Set down the data again word for word. Skip any pictures.

START DATA SHOWN

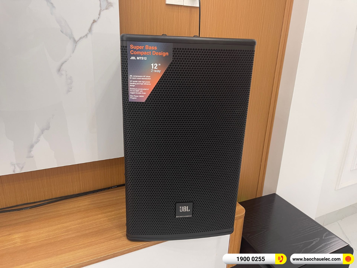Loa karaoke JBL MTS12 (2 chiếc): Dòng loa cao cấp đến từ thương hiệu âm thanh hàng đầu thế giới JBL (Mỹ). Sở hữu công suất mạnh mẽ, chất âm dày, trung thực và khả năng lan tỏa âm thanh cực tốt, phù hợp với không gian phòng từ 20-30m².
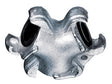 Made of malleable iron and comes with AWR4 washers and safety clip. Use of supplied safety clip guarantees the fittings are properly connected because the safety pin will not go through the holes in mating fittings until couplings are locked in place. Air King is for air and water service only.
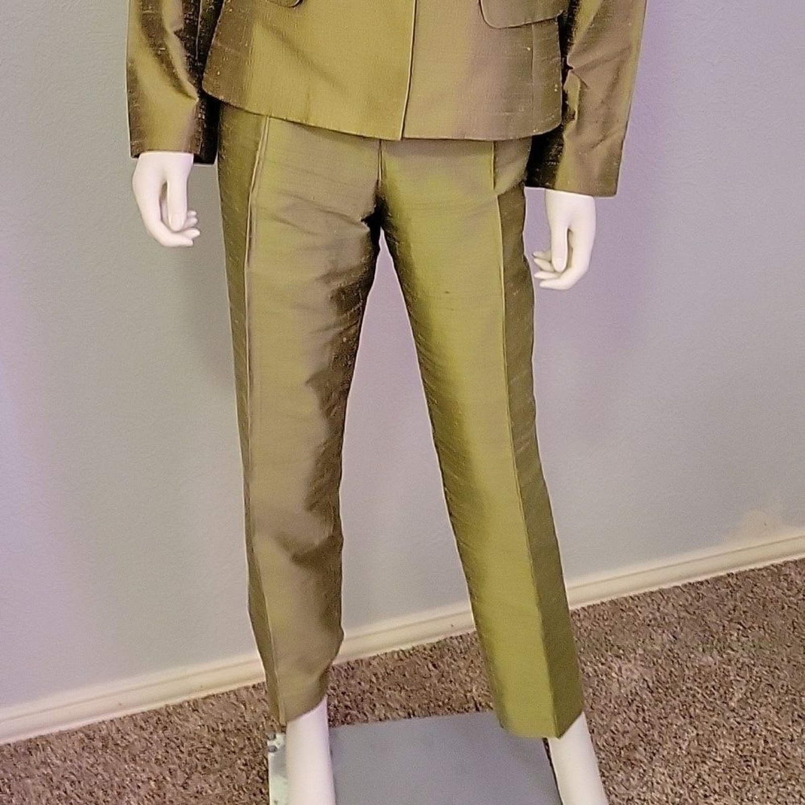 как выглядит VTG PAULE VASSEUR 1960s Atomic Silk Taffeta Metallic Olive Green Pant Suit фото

END DATA SHOWN

OUTPUT FOR THIS EXERCISE:
Loa karaoke JBL MTS12 (2 chiếc): Dòng loa cao cấp đến từ thương hiệu âm thanh hàng đầu thế giới JBL (Mỹ). Sở hữu công suất mạnh mẽ, chất âm dày, trung thực và khả năng lan tỏa âm thanh cực tốt, phù hợp với không gian phòng từ 20-30m².
 Made of malleable iron and comes with AWR4 washers and safety clip. Use of supplied safety clip guarantees the fittings are properly connected because the safety pin will not go through the holes in mating fittings until couplings are locked in place. Air King is for air and water service only.
 как выглядит VTG PAULE VASSEUR 1960s Atomic Silk Taffeta Metallic Olive Green Pant Suit фото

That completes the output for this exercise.